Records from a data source
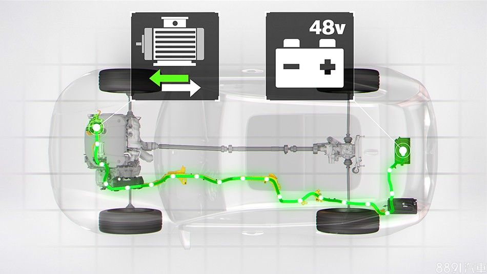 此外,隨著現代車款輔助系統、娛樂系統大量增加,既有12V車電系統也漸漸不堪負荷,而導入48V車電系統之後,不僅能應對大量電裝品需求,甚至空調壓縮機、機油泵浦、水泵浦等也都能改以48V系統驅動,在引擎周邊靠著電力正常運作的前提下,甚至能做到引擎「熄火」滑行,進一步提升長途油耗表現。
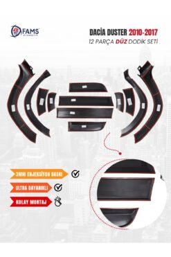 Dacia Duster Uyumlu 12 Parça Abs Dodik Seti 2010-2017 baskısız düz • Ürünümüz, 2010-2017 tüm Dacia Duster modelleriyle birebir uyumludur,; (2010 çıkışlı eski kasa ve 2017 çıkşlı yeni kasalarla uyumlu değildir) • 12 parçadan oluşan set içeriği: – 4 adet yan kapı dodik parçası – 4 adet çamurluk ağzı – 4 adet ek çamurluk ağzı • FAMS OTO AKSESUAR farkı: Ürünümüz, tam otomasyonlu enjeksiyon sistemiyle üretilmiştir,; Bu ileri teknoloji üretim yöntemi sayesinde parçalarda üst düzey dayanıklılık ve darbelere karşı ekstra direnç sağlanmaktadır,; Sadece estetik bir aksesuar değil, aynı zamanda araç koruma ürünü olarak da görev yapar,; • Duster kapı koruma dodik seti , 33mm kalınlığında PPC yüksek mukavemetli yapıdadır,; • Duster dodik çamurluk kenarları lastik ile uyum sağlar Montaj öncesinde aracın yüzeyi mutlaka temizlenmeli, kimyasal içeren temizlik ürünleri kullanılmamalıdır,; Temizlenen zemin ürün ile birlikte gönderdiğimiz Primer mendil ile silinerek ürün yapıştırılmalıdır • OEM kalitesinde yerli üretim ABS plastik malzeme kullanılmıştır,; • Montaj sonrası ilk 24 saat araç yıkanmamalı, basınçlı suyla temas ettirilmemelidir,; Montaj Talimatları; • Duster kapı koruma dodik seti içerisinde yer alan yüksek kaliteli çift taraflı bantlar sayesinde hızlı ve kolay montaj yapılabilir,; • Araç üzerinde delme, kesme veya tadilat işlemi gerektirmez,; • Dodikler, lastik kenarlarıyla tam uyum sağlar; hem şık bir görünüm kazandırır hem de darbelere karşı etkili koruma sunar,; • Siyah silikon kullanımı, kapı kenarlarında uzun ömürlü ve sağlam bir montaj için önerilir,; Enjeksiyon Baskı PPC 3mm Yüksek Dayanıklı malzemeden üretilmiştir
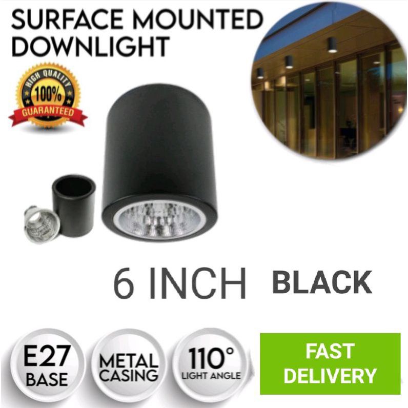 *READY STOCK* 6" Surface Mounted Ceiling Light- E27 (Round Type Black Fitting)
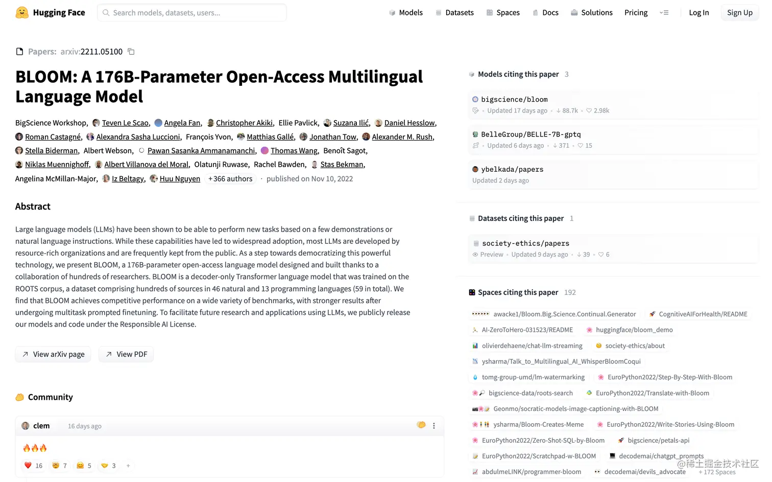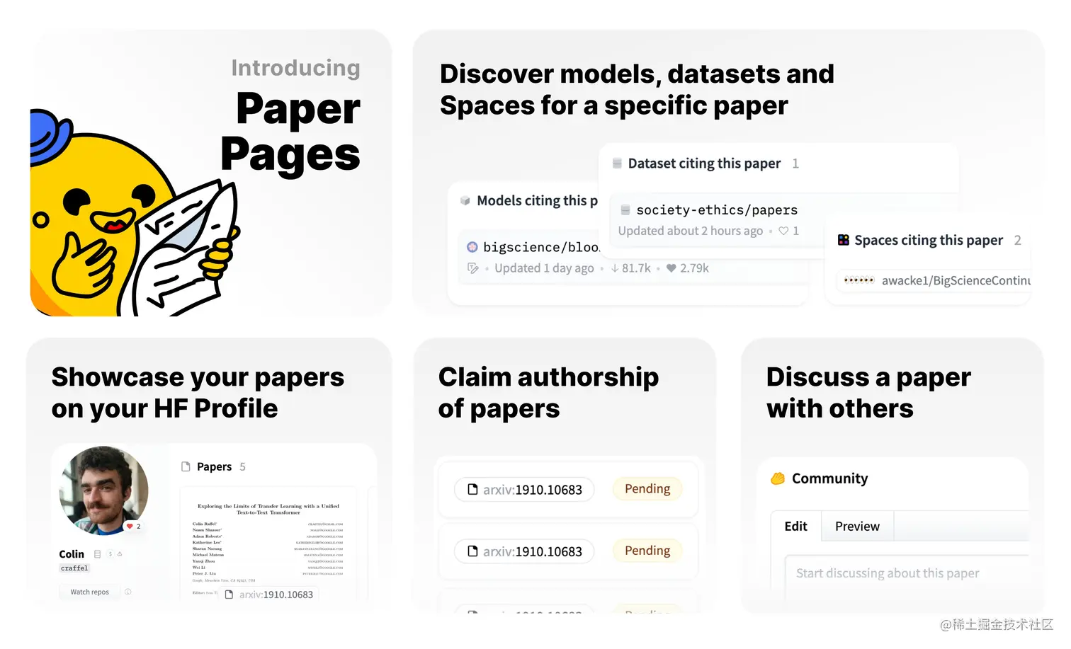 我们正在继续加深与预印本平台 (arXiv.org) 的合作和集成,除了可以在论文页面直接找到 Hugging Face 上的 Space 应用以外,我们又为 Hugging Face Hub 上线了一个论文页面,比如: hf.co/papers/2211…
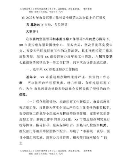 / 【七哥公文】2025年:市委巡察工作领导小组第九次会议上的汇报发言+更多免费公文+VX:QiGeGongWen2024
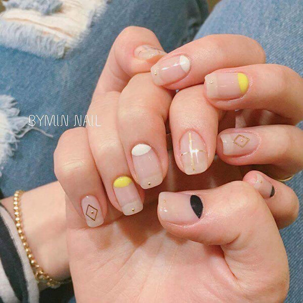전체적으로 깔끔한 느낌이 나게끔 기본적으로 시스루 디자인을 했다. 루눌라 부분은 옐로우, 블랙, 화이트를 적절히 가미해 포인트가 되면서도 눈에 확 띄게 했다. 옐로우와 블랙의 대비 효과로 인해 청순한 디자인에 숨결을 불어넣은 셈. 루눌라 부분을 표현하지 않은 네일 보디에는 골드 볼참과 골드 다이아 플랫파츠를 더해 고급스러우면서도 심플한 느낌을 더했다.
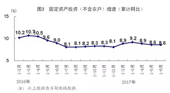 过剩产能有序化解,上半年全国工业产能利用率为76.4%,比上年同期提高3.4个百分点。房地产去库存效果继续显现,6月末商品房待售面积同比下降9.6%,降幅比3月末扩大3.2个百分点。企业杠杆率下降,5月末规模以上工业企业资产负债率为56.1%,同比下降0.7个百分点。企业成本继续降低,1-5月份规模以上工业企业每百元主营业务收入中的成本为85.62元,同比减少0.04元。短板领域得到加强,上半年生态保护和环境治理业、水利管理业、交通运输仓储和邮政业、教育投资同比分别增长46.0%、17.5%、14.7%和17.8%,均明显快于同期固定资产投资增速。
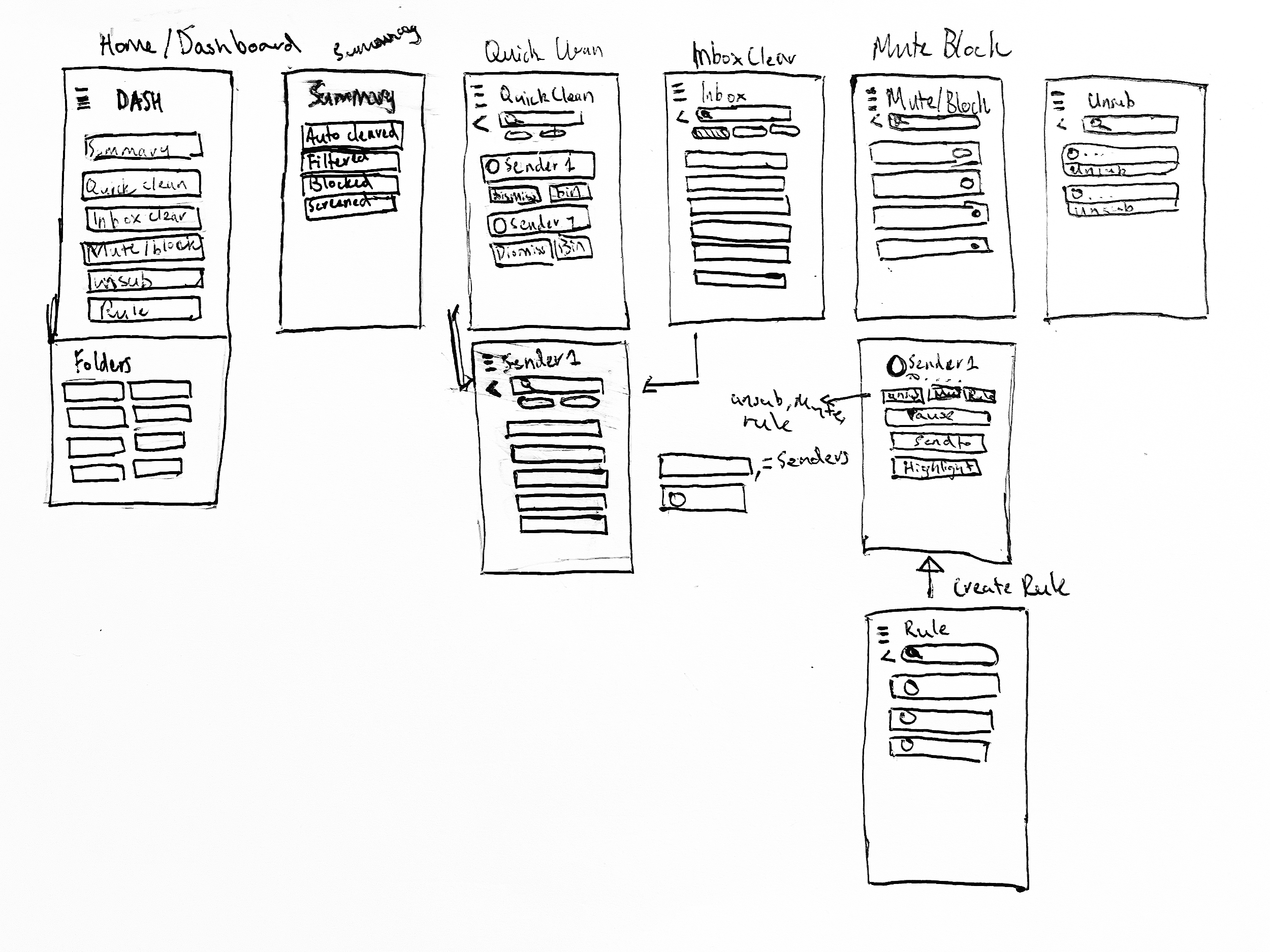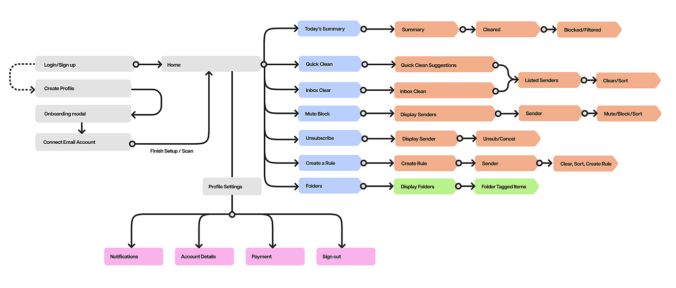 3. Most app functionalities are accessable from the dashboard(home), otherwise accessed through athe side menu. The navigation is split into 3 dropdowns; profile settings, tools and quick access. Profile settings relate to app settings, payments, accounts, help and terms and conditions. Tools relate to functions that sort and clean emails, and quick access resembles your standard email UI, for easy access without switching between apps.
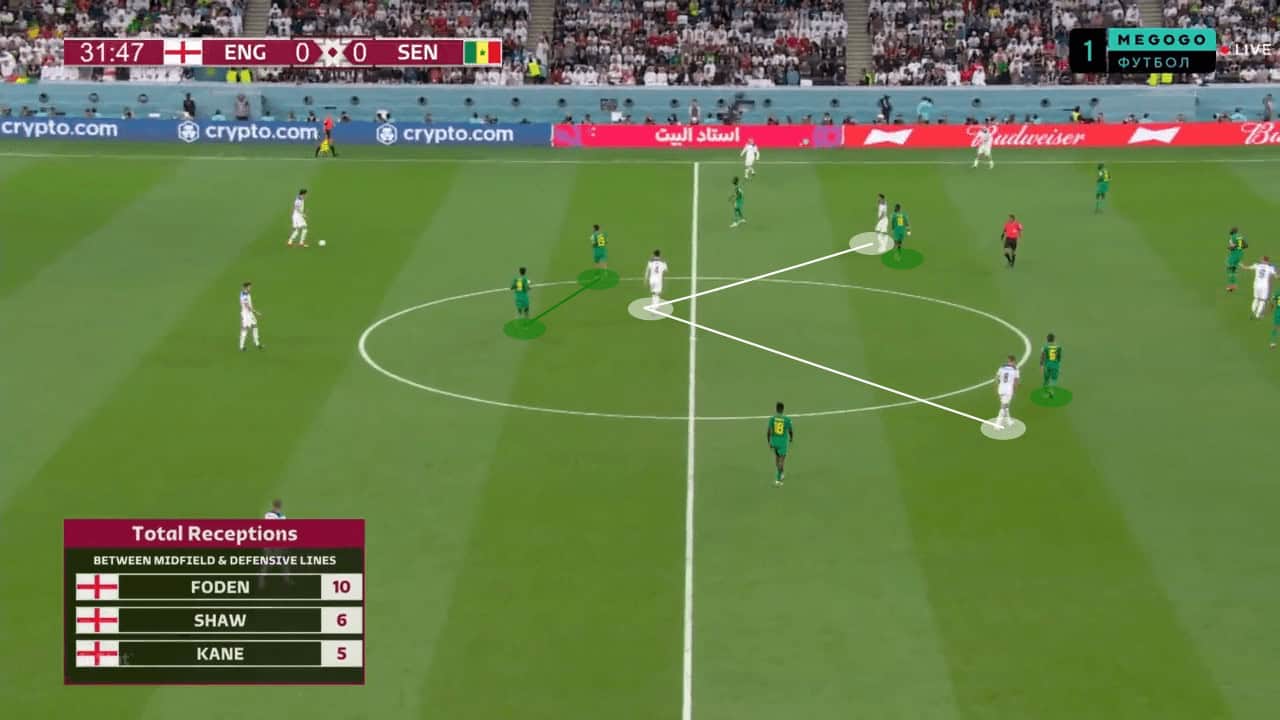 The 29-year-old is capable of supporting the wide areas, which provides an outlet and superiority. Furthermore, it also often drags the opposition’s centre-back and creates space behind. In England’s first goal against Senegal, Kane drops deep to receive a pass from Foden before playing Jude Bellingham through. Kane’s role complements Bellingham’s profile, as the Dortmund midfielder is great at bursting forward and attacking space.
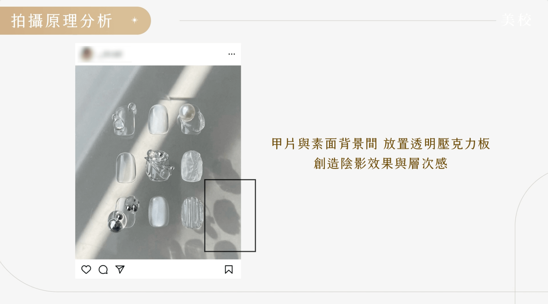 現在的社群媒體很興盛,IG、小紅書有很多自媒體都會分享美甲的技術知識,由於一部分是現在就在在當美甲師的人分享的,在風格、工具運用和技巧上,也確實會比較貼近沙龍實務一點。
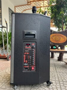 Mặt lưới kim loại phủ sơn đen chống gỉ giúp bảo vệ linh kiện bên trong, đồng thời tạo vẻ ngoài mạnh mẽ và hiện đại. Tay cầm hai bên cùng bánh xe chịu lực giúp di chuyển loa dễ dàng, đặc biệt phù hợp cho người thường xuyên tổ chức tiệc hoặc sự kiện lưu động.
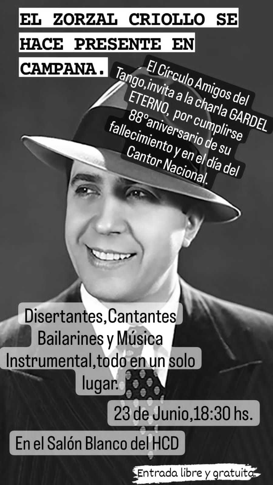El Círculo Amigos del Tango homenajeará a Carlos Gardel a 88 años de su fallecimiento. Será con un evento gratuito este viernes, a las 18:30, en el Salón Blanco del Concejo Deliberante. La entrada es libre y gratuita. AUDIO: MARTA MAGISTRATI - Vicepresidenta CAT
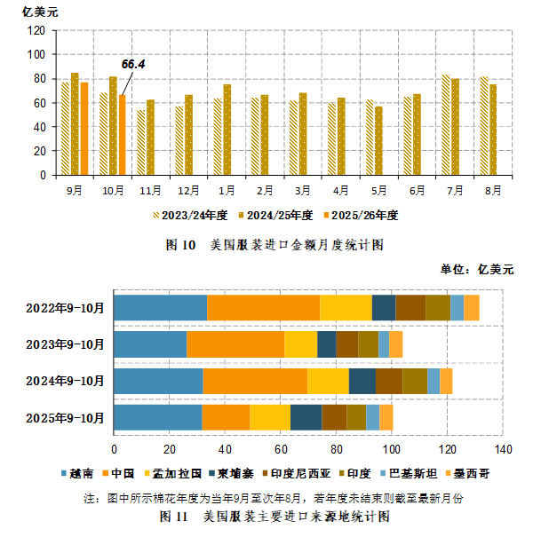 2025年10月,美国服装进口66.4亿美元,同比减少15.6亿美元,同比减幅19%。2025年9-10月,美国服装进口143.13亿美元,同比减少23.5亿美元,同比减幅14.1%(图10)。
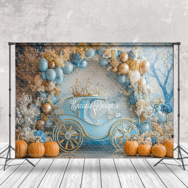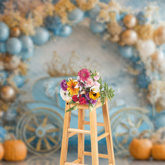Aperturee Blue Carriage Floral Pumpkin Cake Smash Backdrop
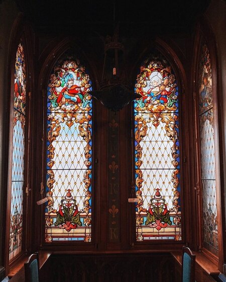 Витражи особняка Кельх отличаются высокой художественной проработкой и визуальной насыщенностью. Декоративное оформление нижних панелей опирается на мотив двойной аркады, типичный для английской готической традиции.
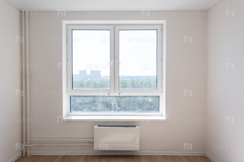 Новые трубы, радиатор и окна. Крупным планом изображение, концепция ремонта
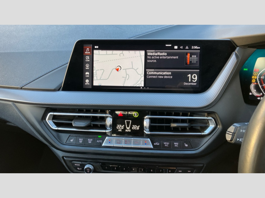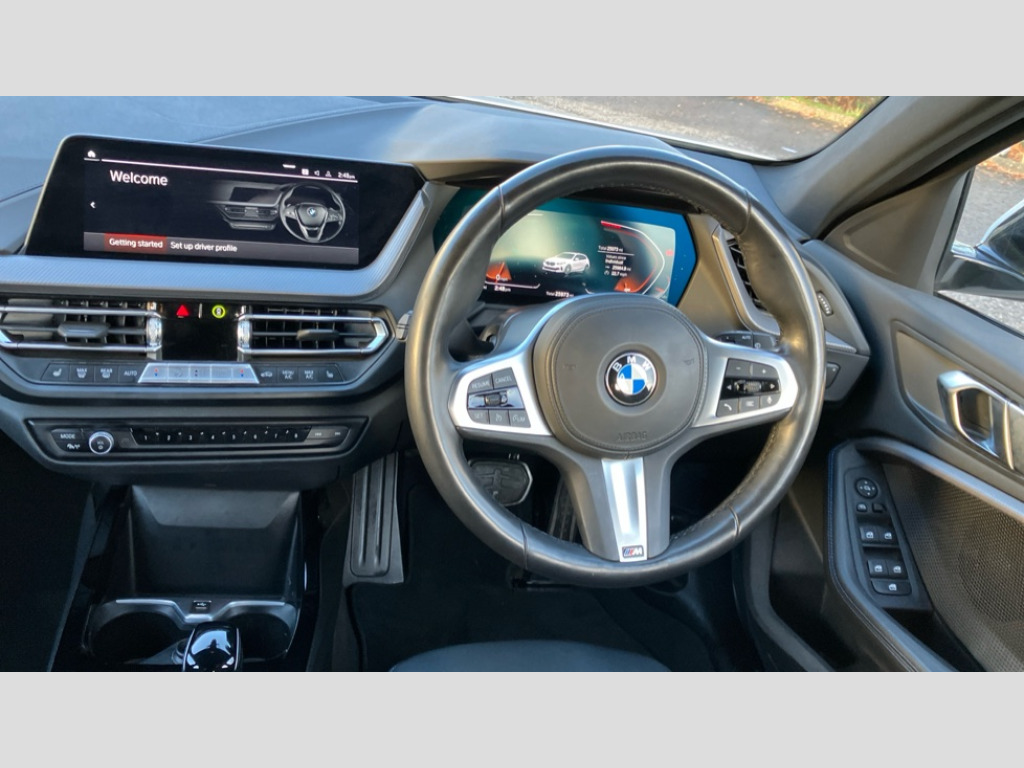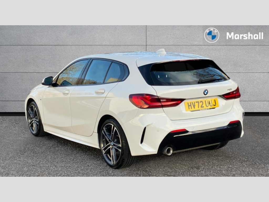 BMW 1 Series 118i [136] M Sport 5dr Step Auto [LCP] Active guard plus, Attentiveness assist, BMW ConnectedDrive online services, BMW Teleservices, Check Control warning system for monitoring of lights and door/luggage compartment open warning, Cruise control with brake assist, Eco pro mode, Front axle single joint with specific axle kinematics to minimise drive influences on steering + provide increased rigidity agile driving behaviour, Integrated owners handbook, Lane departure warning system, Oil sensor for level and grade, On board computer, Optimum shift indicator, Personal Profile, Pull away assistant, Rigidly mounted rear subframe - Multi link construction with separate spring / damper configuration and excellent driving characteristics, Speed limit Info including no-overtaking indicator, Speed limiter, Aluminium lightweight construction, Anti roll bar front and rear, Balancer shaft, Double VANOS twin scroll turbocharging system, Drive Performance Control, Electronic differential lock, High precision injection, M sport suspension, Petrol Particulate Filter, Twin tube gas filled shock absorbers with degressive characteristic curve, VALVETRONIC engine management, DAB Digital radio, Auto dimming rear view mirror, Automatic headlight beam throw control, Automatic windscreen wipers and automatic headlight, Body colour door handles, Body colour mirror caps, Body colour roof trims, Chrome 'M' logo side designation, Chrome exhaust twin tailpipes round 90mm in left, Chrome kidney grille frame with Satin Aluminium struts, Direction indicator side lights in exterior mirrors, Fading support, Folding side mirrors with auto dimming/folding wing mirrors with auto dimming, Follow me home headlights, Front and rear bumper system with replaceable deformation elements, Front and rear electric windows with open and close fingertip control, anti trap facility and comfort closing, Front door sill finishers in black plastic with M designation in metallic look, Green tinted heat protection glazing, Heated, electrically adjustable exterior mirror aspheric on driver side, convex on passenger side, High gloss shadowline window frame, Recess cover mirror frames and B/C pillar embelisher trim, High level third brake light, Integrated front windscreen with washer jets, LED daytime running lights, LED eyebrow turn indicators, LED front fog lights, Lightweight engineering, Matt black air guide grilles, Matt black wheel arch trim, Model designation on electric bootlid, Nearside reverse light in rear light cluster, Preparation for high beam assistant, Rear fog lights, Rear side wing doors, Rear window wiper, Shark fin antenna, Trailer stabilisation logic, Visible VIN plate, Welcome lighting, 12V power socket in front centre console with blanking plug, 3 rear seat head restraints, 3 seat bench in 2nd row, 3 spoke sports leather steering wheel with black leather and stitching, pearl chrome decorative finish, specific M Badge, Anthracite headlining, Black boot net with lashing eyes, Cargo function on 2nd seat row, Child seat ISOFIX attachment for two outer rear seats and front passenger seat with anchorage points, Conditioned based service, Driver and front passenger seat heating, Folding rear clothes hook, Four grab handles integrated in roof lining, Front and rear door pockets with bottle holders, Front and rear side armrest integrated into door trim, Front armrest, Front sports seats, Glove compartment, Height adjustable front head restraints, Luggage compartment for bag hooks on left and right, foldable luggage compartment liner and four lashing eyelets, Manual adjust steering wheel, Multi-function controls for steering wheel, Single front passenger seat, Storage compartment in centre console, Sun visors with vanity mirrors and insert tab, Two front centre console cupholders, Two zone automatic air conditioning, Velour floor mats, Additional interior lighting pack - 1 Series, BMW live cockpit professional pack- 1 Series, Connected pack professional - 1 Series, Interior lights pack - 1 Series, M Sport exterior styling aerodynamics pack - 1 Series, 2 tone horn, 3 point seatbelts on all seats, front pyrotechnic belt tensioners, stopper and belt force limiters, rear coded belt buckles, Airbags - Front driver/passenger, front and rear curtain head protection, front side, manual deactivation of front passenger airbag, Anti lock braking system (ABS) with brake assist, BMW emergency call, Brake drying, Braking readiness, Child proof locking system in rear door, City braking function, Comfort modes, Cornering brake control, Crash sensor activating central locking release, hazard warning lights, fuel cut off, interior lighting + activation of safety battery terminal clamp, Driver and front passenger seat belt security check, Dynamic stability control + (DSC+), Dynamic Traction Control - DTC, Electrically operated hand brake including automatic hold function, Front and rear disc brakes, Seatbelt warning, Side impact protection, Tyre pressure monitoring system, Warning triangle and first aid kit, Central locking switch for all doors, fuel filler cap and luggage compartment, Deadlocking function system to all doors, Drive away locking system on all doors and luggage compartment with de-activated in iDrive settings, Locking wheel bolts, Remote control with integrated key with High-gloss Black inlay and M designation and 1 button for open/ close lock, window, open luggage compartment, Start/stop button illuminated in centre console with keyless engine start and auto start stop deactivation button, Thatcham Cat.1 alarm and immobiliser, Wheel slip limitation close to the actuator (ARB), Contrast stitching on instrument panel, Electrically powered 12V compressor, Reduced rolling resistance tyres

TASK REQUIREMENTS -> Starting at the line above with "过剩产能有序化解,上半年全国", output every line exactly up to and including the line with "3. Most app", but none of the pictures.

ANSWER ->
 过剩产能有序化解,上半年全国工业产能利用率为76.4%,比上年同期提高3.4个百分点。房地产去库存效果继续显现,6月末商品房待售面积同比下降9.6%,降幅比3月末扩大3.2个百分点。企业杠杆率下降,5月末规模以上工业企业资产负债率为56.1%,同比下降0.7个百分点。企业成本继续降低,1-5月份规模以上工业企业每百元主营业务收入中的成本为85.62元,同比减少0.04元。短板领域得到加强,上半年生态保护和环境治理业、水利管理业、交通运输仓储和邮政业、教育投资同比分别增长46.0%、17.5%、14.7%和17.8%,均明显快于同期固定资产投资增速。
 3. Most app functionalities are accessable from the dashboard(home), otherwise accessed through athe side menu. The navigation is split into 3 dropdowns; profile settings, tools and quick access. Profile settings relate to app settings, payments, accounts, help and terms and conditions. Tools relate to functions that sort and clean emails, and quick access resembles your standard email UI, for easy access without switching between apps.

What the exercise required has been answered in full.